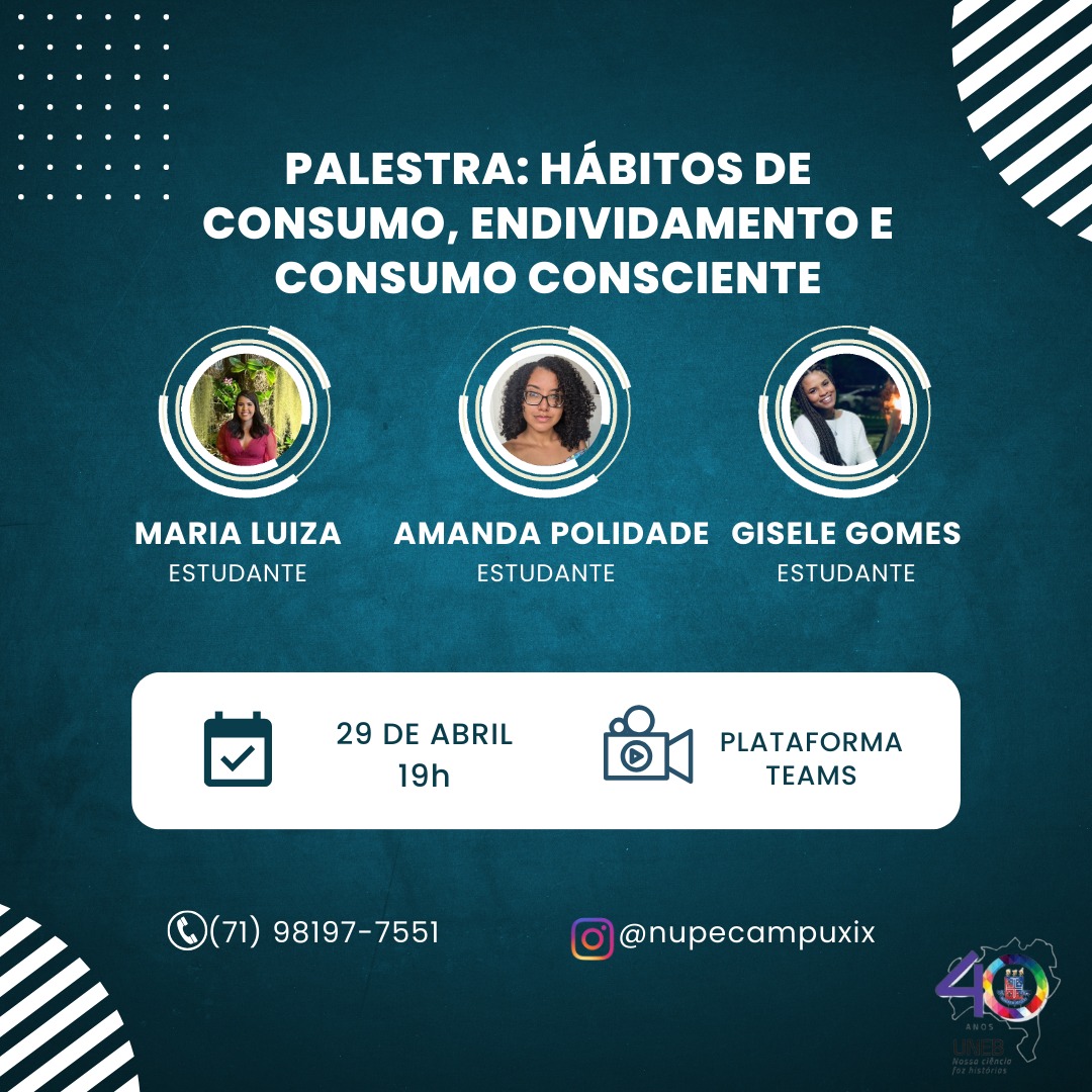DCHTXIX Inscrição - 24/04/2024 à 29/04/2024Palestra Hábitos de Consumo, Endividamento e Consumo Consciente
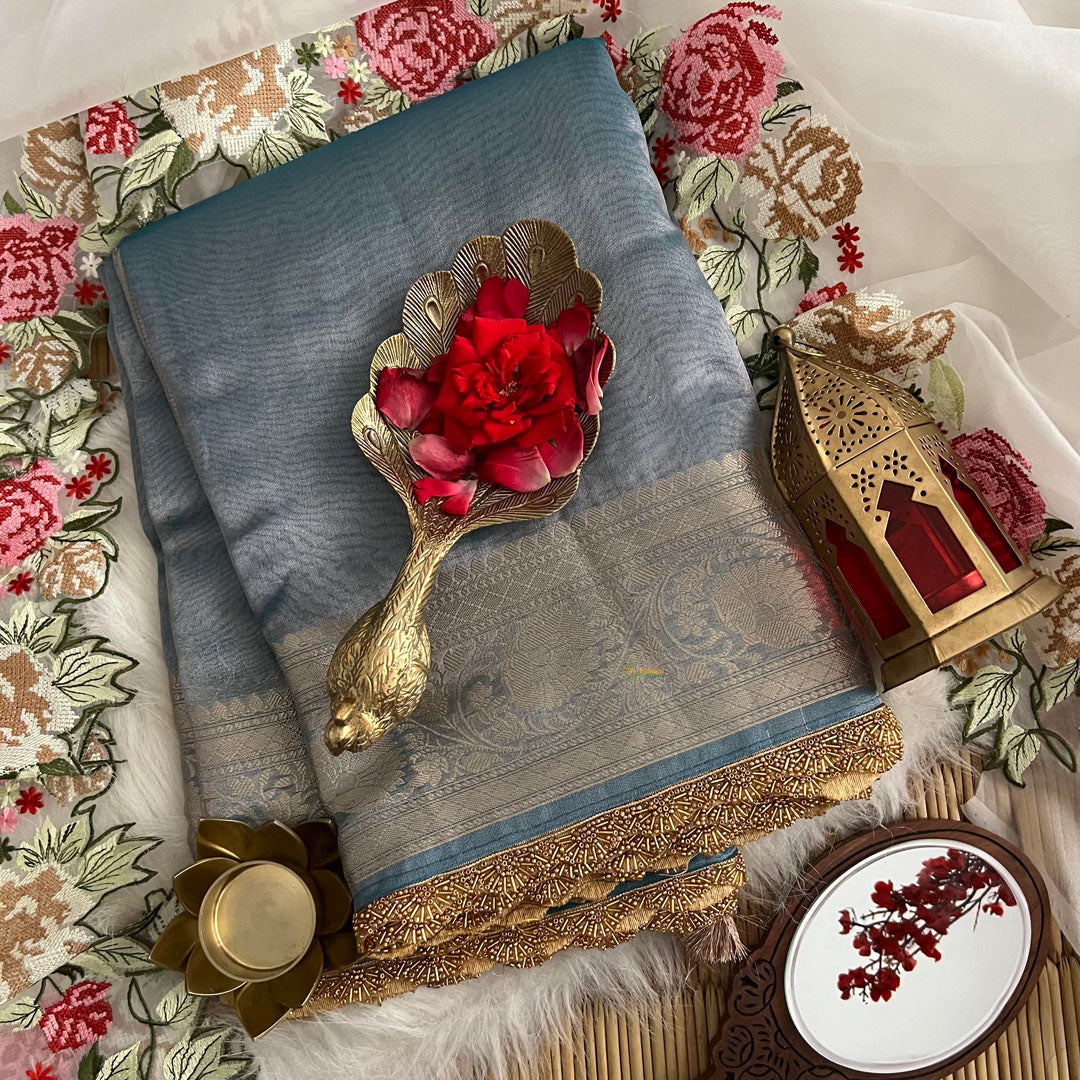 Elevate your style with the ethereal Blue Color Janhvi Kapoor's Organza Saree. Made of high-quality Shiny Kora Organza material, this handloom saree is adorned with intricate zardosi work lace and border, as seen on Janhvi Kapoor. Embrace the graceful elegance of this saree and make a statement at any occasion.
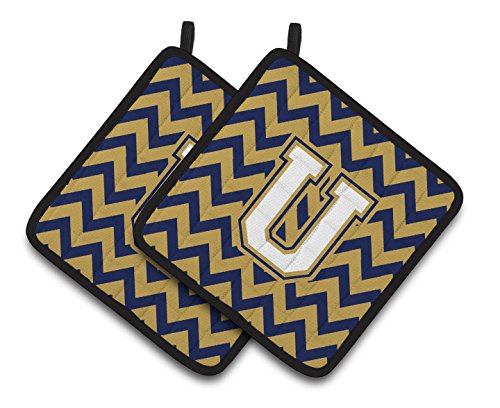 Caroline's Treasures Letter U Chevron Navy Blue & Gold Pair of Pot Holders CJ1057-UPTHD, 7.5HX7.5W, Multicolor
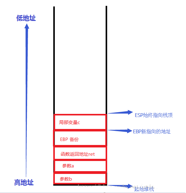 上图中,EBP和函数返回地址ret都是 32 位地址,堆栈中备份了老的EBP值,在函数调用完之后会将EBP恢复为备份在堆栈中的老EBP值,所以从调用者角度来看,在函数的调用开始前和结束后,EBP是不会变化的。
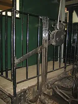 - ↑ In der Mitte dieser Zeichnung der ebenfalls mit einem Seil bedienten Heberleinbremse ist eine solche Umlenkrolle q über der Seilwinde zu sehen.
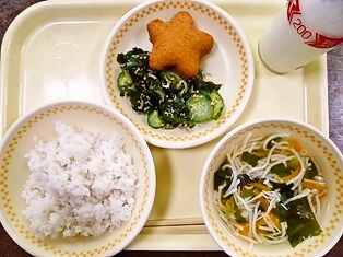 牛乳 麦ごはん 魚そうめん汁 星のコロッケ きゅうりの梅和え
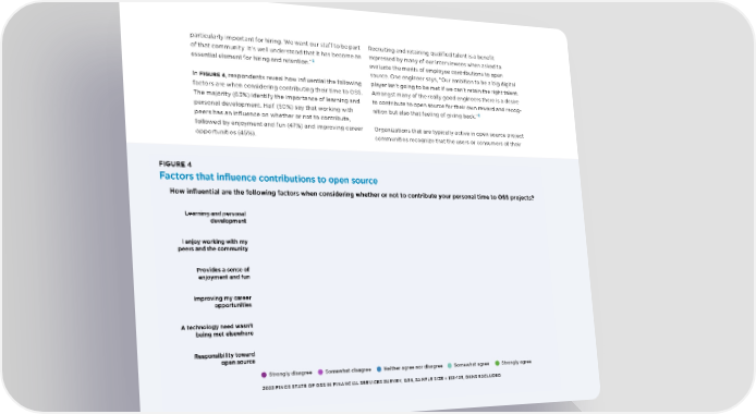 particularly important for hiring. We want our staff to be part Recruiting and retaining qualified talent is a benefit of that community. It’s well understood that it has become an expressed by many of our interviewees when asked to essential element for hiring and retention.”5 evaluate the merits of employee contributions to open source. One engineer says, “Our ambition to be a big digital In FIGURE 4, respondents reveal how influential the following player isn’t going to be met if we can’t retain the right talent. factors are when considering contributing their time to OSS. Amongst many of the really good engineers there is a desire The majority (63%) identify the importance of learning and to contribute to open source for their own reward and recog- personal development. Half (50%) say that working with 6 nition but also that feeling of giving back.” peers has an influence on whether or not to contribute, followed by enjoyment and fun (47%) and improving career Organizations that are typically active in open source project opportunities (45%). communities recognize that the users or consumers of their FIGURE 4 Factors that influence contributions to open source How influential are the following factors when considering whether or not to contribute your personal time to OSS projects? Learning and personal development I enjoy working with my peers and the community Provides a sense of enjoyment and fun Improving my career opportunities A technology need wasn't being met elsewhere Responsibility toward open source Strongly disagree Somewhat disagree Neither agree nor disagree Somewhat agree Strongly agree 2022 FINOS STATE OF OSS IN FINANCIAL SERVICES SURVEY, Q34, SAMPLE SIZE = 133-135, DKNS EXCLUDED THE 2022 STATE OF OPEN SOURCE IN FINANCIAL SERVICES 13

──────────

#### WHAT NEEDS TO BE DONE
Up to and including the line containing "牛乳 麦ごはん 魚そうめん汁 星のコロッケ きゅうりの梅和え", repeat every line from the start of the data, but none of the pictures.

#### RESPONSE AREA
DCHTXIX Inscrição - 24/04/2024 à 29/04/2024Palestra Hábitos de Consumo, Endividamento e Consumo Consciente
 Elevate your style with the ethereal Blue Color Janhvi Kapoor's Organza Saree. Made of high-quality Shiny Kora Organza material, this handloom saree is adorned with intricate zardosi work lace and border, as seen on Janhvi Kapoor. Embrace the graceful elegance of this saree and make a statement at any occasion.
 Caroline's Treasures Letter U Chevron Navy Blue & Gold Pair of Pot Holders CJ1057-UPTHD, 7.5HX7.5W, Multicolor
 上图中,EBP和函数返回地址ret都是 32 位地址,堆栈中备份了老的EBP值,在函数调用完之后会将EBP恢复为备份在堆栈中的老EBP值,所以从调用者角度来看,在函数的调用开始前和结束后,EBP是不会变化的。
 - ↑ In der Mitte dieser Zeichnung der ebenfalls mit einem Seil bedienten Heberleinbremse ist eine solche Umlenkrolle q über der Seilwinde zu sehen.
 牛乳 麦ごはん 魚そうめん汁 星のコロッケ きゅうりの梅和え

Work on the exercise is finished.